F.H. Lucas as Clytemnestra (Granta souvenir) |
‘the Newnhamites and the Girtonites had seized upon the most
favourable position in the house, and maintained it…there had been great
searchings of heart at Newnham for some weeks before the Greek play, and the
Cambridge dressmakers had had a bad time of it.’
Clearly here the Greek Play prompts the same attention to
dress and display as a social event, while the spectacle of young men
performing on stage – some of them as male characters, others as female – is
imagined as having erotic appeal for the women in the audience, students of
Newnham and Girton Colleges, founded in 1871 and 1869 respectively.
Yet while it is women here who subject the performers to
scrutiny (at the same time hoping to be scrutinised themselves), elsewhere in
contemporary commentary on the Greek Play it is the homoerotic potential of staging Greek drama which is most
frequently stressed. Much of this seems to have been related to the
symposiastic relationship between teacher and student suggested by Greek
models. Against this backdrop, gender confusion is as much a part of the Greek
Play experience as the ‘historically accurate’ sets commissioned by the Greek
Play Committee or the texts of the plays themselves. A reviewer of the 1900
Cambridge Greek Play (Aeschylus’s Agamemnon)

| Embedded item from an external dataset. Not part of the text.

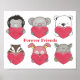Animal Character Forever Friends Hearts Kids Poster. Each animal is holding a heart. Give it to a friend who is moving away, or change the text and decorate it in your child's room.

for the Manchester Guardian
(identified as J. B. Atkins by The
Spectator) argues that:
‘no one has really been seized by the spirit of the Greek
play…who does not see that it is right and natural to speak of every man who plays
a woman’s part as “she”.’
He records the actor playing Agamemnon (Humphrey Hastings
King) as being disgruntled to see ‘Clytemnestra’ (Francis Herman Lucas) smoking
a pipe – spoiling the illusion of his femininity. And lists one of stage
manager (and founder of the Greek Play) John Willis Clark’s responsibilities as
training actors to have suitably graceful arms. Atkins’s newspaper article (like
several others) also concentrates on the overlap between participation in the
Greek Play and sporting prowess – recording that members of the play’s chorus
spoke Ancient Greek on the hockey pitch to ensure victory. This emphasis on
sport on one level reasserts the masculinity of the performers, but on another
fetishes the performers’ bodies still further. In a memoir on the origins of
the Greek Play (published in the 1898 Amateur
Clubs & Actors by W.G. Elliott) Clark has no qualms in describing his
casting process for the hero of the 1882 Ajax:
‘his [‘Jim Stephen’s] splendid physique pointed him out as
almost an ideal Ajax.'
Cambridge Graphic illustration: 'An Argive sailor going home' |
The early years of the Greek Play in Cambridge are a
fascinating and unique study, bringing together ancient Greek culture and that
of the late nineteenth century, with the accompanying tensions about the
distinctness of the two’s sexual practices, while dealing with the same
suspicion of performance I have discussed with relation to female sexuality elsewhere. Sexual scandal had seen amateur
dramatics banned for a period in Oxford in 1870, following the arrest of two
students for, in the words of The Times
‘personating women at public resort for unlawful purposes’. Keeping women off the stage, here for the historical purity of the Greek Play, could be just as
dangerous, just as sexually charged, as when they were allowed on it.